Con respecto a nuestras normas generales de funcionamiento cerramos una fase que abrimos en el XVIII Congreso recuperando las normas de funcionamiento del partido leninista. Así, sólo nos quedaba introducir el término “centralismo democrático” aunque lo importante, no es escribirlo en los papeles sino tenerlo presente en la actividad del día a día y que nos permita construir un partido cada día más fuerte y cohesionado.

Nos reivindicamos hijos de la Revolución de Octubre y de la Internacional Comunista y nos sentimos orgullosos de nuestro origen y nuestra historia de la que seguimos aprendiendo críticamente y creemos que es el momento de reivindicar el leninismo. A diferencia de lo dicho en la tesis 15 del IX Congreso, estamos convencidos de que el leninismo sigue siendo el marxismo de nuestra época. Como dijo Lukacs: “Resulta, pues, enteramente justificado hablar de leninismo como nueva fase de la dialéctica materialista. Lenin no sólo ha restablecido la pureza de la doctrina marxista... sino que ha continuado el desarrollo del método mismo, lo ha conducido a un nivel de mayor concreción y madurez... El leninismo significa un nivel alcanzado hasta el presente del pensamiento concreto, antiesquemático, antimecanicista y directamente dirigido hacia la acción transformadora, la praxis”.
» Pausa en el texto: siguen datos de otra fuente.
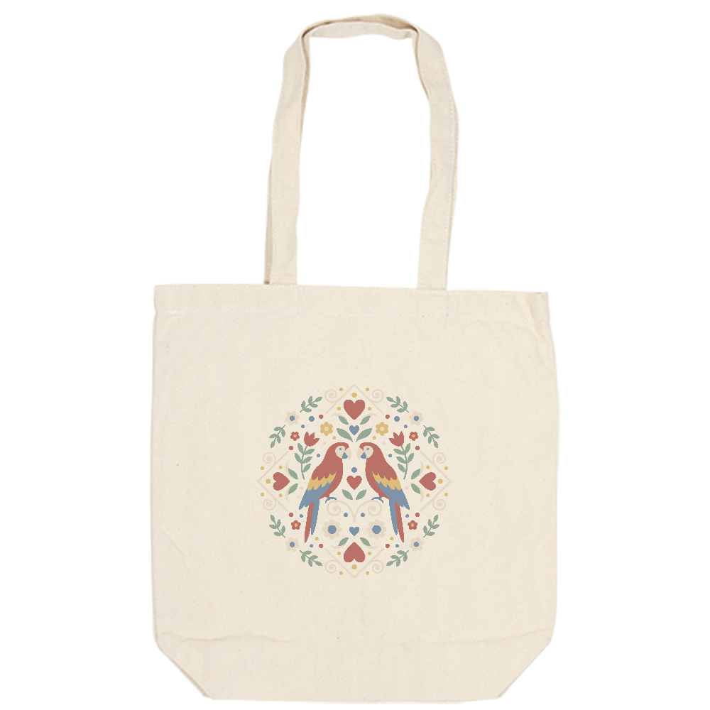 ベニコンゴウインコと花のモチーフ|フォークアート風デザイン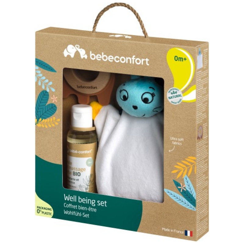 Svaki detalj ovog inovativnog ekološkog seta posebno je razvijen za osjetljivu bebnu kožu. Kao prirodna obrana, organsko ulje za masažu bez mirisa i dermatološki testirano pruža bebi zaštitni film koji oponaša njenu prirodnu barijeru. Bogato prirodnim emolijentima, ovo ulje sadrži organsko suncokretovo ulje, organsko ulje sjemenki sezama, prirodni vitamin E, sojino ulje i ekstrakt smeđe morske trave koji smiruje bebu i pomaže joj da spava mirno.

En el XVII Congreso iniciamos el proceso de reconstrucción del PCE, en los Congresos XVIII y XIX hemos dado pasos importantes en este sentido y ahora en el XX se trata de cerrar esta fase para iniciar la de la inserción del partido en la clase trabajadora, la de conseguir que cada militante del partido sea un activista y un organizador y hacer del Partido el motor del conflicto social y laboral.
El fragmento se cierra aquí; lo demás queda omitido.